Vice President Joe Biden counseled President Obama to resist the military's call to add as many as 40,000 US forces to the campaign in Afghanistan in 2009, a new book reveals. Biden was unpersuaded by the rationale for doing so and called the request flawed.

According to the New York Post, the new book, Little America: The War Within the War for Afghanistan, claims that in planning the drawdown of troops two years later, the White House 'intentionally sidelined the CIA.'

Neither did President Obama read the CIA's assessment of Afghanistan that later found little benefit from the 30,000 'surge' forces he approved, the book quotes a US official as saying.

The book quotes from a previously undisclosed Biden memo to Obama in November 2009 that outlines his view that military commanders were asking the president to take a leap of faith by adding tens of thousands of forces whose role and mission were poorly defined.

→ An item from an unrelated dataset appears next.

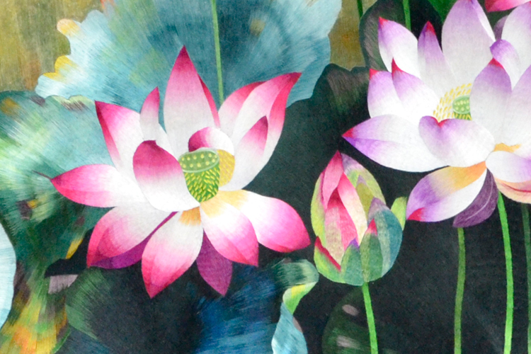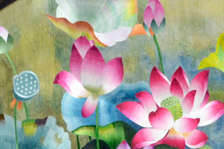 【產品名稱】:滿繡荷花屏風 (作品代碼:P-1098) 【產品規(guī)格】:圖案尺寸為100cm直徑的圓 外框整體尺寸寬160cm,高210cm 【產品工藝】:手工刺繡 【產品材質】:真絲面料+雞翅木框+桑蠶絲線+玻璃 【產品包裝】:木箱包裝,用海綿包扎,確保運輸安全 【出廠價】:36800元 【產品運輸】:我司負責發(fā)往客戶指定地點,蘇州附近城市可送貨上門! 【產品說明】:此款雙面繡屏風,是由蘇州工藝師耗時三個月精心手工刺繡而成,刺繡圖案以荷花為題材繡工精細,顏色搭配均勻過渡自然,整體給人舒適,愜意之感,屏風的框架選用雞翅木為料,是蘇繡屏風中的經典作品。是家用玄關或辦公室玄關的雅致禮品!歡迎親臨嬌古蘇繡展示廳觀看實物! 【作品欣賞】 .jpg)

Biden reportedly used a months-long White House review of the war to question how the same counterinsurgency strategy that had apparently worked in Iraq could be applied successfully to Afghanistan.

'I do not see how anyone who took part in our discussions could emerge without profound questions about the viability of counterinsurgency,' Biden wrote to Obama. In order to work, the counterinsurgency doctrine requires military gains to be paired with advances in government services, a credible Afghan government and Afghan security services that can take over, Biden's memo said.

The US military could accomplish any technical assignment, such as sweeping insurgents from a village, but 'no one can tell you with conviction when, and even if, we can produce the flip sides of the counter insurgency strategy,' Biden wrote. Instead the Vice President supported a buildup of 20,000, half the number requested by then-war commander General Stanley McChrystal.

The memo broadly echoed a secret message sent to Washington by the then-US Ambassador Karl Eikenberry who bluntly called Afghan President Hamid Karzai an unreliable partner for the proposed surge.

The president's compromise — adding 30,000 US forces and a deadline to begin bringing them home — blunted the momentum of a resurgent Taliban insurgency without committing the president to an open-ended war.